§ Source material:
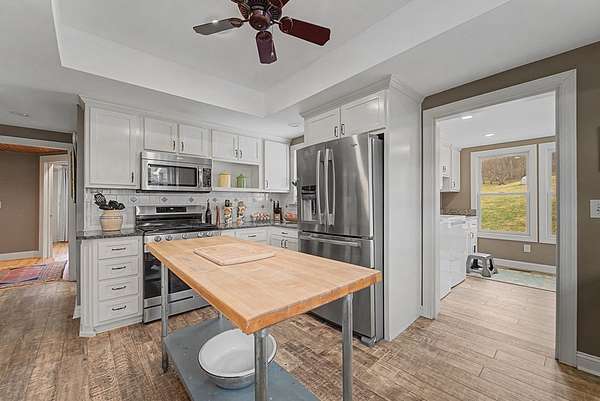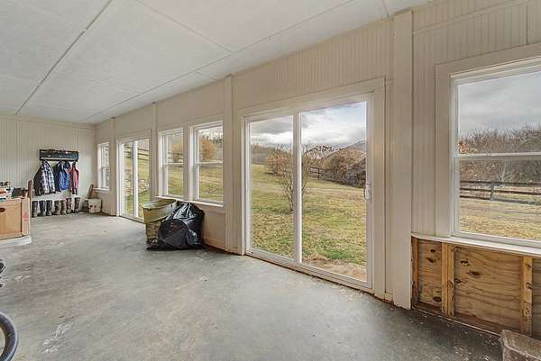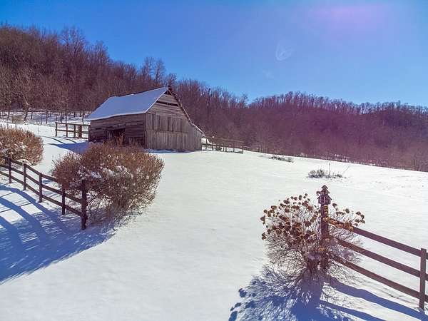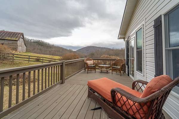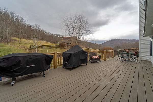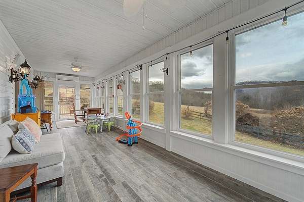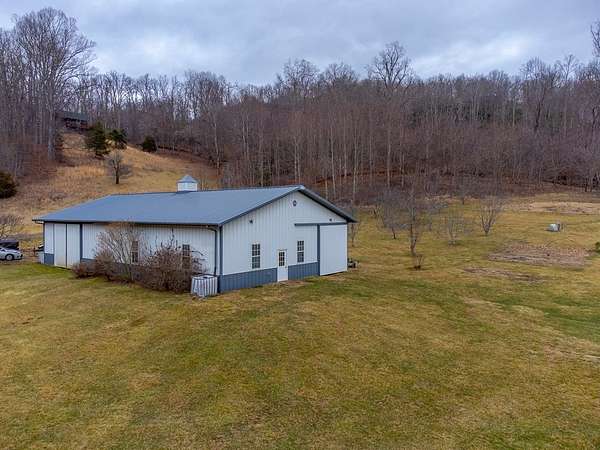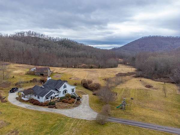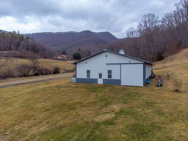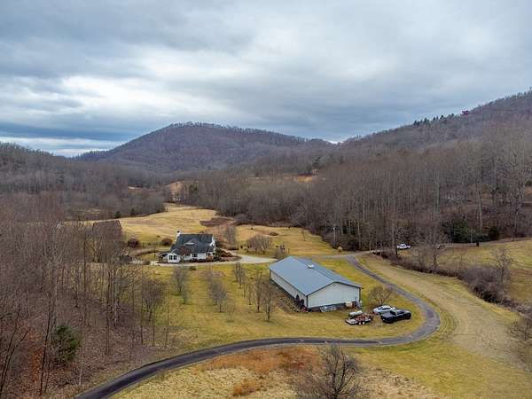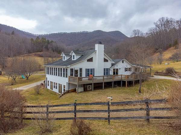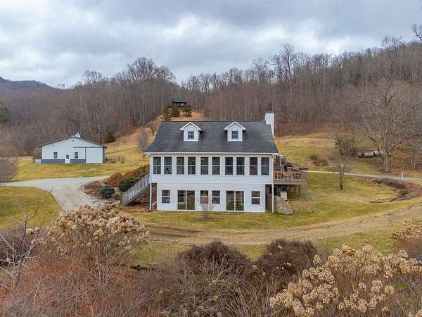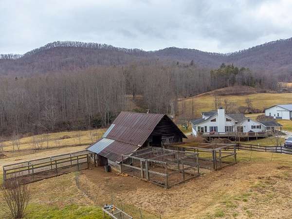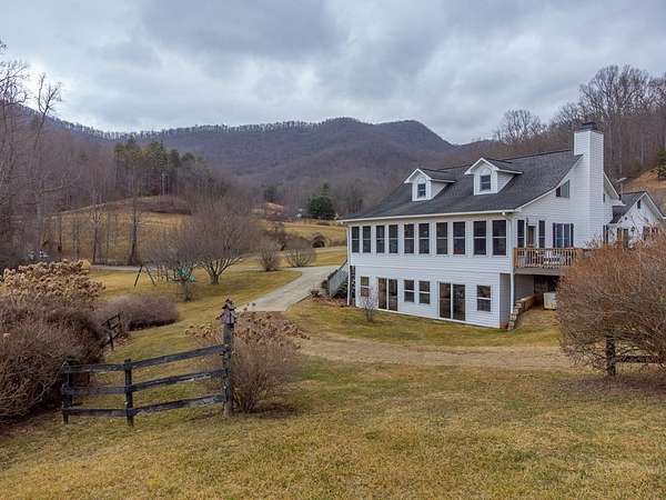 An exceptional high elevation mountain property offering nearly 10 acres at 3,200 feet with sweeping long-range views, bold creek, fruit orchard, lush pasture, and gently rolling, highly usable land. Ideal for those seeking space, privacy, and a true Western NC mountain lifestyle. The modern farmhouse blends warmth and character with thoughtful updates, featuring 4BR/2BA with a loft and an expansive primary suite designed as a private retreat with generous space and comfort. The great room is anchored by a striking rock fireplace, complemented by formal dining and a modern kitchen created for gathering. Flexible living areas include a sunroom ideal for indoor gardening or relaxation, plus a spacious lower level suited for den, office, or recreation. Starlink internet installed. Expansive outdoor living spaces overlook the farm and surrounding mountains. A separate 2BR/1BA log cabin with loft offers privacy for guests or multigenerational living. The impressive 75x42 Morton metal building with backup generator, picturesque functional log barn, greenhouse, and established garden areas complete this rare Western NC mountain homestead built for self-sufficient living.
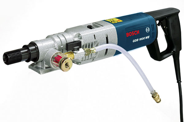 Bosch GDB 1600 WE je diamantová vŕtačka vhodná na vŕtanie namokro do armovaného betónu. Prívod vody zabezpečuje chladenie diamantových segmentov. Prístroj je použiteľný na stacionárne vŕtanie i na vŕtanie voľnou rukou. Vŕtačka má plynulý rozbeh a plynulá je aj regulácia otáčok. Teplotná poistka spolu s mechanickou spojkou zabezpečuje ochranu pred preťažením.
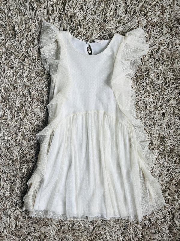 Неймовірно гарна сукня! Колір молочний Як на мене, то більшомірить Зверху як сіточка чи мереживо, а до тіла підкладка з натур тканини Заміри на фото

§ Problem details:
Would you return the material above exactly, apart from its pictures?

§ Completed task:
 An exceptional high elevation mountain property offering nearly 10 acres at 3,200 feet with sweeping long-range views, bold creek, fruit orchard, lush pasture, and gently rolling, highly usable land. Ideal for those seeking space, privacy, and a true Western NC mountain lifestyle. The modern farmhouse blends warmth and character with thoughtful updates, featuring 4BR/2BA with a loft and an expansive primary suite designed as a private retreat with generous space and comfort. The great room is anchored by a striking rock fireplace, complemented by formal dining and a modern kitchen created for gathering. Flexible living areas include a sunroom ideal for indoor gardening or relaxation, plus a spacious lower level suited for den, office, or recreation. Starlink internet installed. Expansive outdoor living spaces overlook the farm and surrounding mountains. A separate 2BR/1BA log cabin with loft offers privacy for guests or multigenerational living. The impressive 75x42 Morton metal building with backup generator, picturesque functional log barn, greenhouse, and established garden areas complete this rare Western NC mountain homestead built for self-sufficient living.
 Bosch GDB 1600 WE je diamantová vŕtačka vhodná na vŕtanie namokro do armovaného betónu. Prívod vody zabezpečuje chladenie diamantových segmentov. Prístroj je použiteľný na stacionárne vŕtanie i na vŕtanie voľnou rukou. Vŕtačka má plynulý rozbeh a plynulá je aj regulácia otáčok. Teplotná poistka spolu s mechanickou spojkou zabezpečuje ochranu pred preťažením.
 Неймовірно гарна сукня! Колір молочний Як на мене, то більшомірить Зверху як сіточка чи мереживо, а до тіла підкладка з натур тканини Заміри на фото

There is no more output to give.